I know there are no dumb questions, but there are dumb people asking questions. I never want to be one of those people. But I do have a lot of questions.
For example, why do family members put empty cereal boxes back in the cupboard and empty milk jugs back in the refrigerator? Do they think there’s a cow in there?
And why don’t products that come packaged in a perfect box, fit back into the same box? Is it so we won’t return them?
And if the headlines on the front of the Cosmopolitan magazine appeared on a men’s magazine instead of a women’s magazine, would they still put it in plain view in the grocery store checkout aisle?
And why don’t the owners of dogs that bark all night hear them like the rest of us do? And if they do hear them, why don’t they do something about it?
Do dental hygienists ever get cavities? Do accountants ever get audited? Do off-duty highway patrolmen ever get stopped for speeding?
And speaking of speeding, will it go better for you if, when you’re pulled over, you remember to use your blinker?
When sports fans talk about their favorite professional sports team, why do they say “we?” Does cursing the officials and punching the couch cushions make you a member of the team?
If pork is the other white meat, why is ham pink?
When the media announces that some important person is leaving their job for other opportunities, why don’t they tell us what those opportunities are? I want to know. And when they say they’re leaving to spend more time with their family, why don’t they tell us how the family feels about it?
If they can make a self-cleaning oven, why can’t they make a self-cleaning refrigerator? And a self-cleaning shower? And a self-cleaning toilet? And a self-shoveling driveway? And a self-mowing lawn? Is that asking too much?
Why don’t the kinks you make in your hair with your curling iron last as long as the ones you make when you take a ten-minute nap?
Is it bad to wear night cream during the day?

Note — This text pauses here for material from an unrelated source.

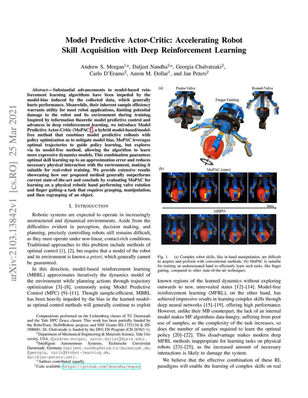 Substantial advancements to model-based reinforcement learning algorithms have been impeded by the model-bias induced by the collected data, which generally hurts performance. Meanwhile, their inherent sample efficiency warrants utility for most robot applications, limiting potential damage to the robot and its environment during training. Inspired by information theoretic model predictive control and advances in deep reinforcement learning, we introduce Model Predictive Actor-Critic (MoPAC), a hybrid model-based/model-free method that combines model predictive rollouts with policy optimization as to mitigate model bias. MoPAC leverages optimal trajectories to guide policy learning, but explores via its model-free method, allowing the algorithm to learn more expressive dynamics models. This combination guarantees optimal skill learning up to an approximation error and reduces necessary physical interaction with the environment, making it suitable for real-robot training. We provide extensive results showcasing how our proposed method generally outperforms current state-of-the-art and conclude by evaluating MoPAC for learning on a physical robotic hand performing valve rotation and finger gaiting--a task that requires grasping, manipulation, and then regrasping of an object.

Why has there been a sudden rash of e-mail from people desperately needing to get millions of dollars out of their countries and wanting me to help them do it? Do I look gullible? Don’t answer that.
And speaking of that, why is it called spam instead of something more appropriate, like electronic cow manure or e-poo?
Why do advertisers show skinny models eating fatty foods? Is that the only time the poor things get to eat?
How do people live in the same house for years and not know where the Kleenex and paper towels are stored? And how does someone who can go through a roll of paper towels in three days do without them indefinitely until mom finally breaks down and goes to the basement for more?
Why don’t snorers wake themselves up like they do everybody else?
Why do baseball players have to spit so much? Do they have more saliva than the rest of us do?
Why does it take longer to clean up a mess than it does to make it?
Why do socks work on either foot, but shoes don’t?
And speaking of socks, if I’m going to lose at least two every time I do the laundry, why can’t they be from the same pair?
Why is it a “pair of pants” rather than a pant with a pair of legs? It’s a shirt with a pair of sleeves, isn’t it?
And finally, there really are dumb questions, aren’t there?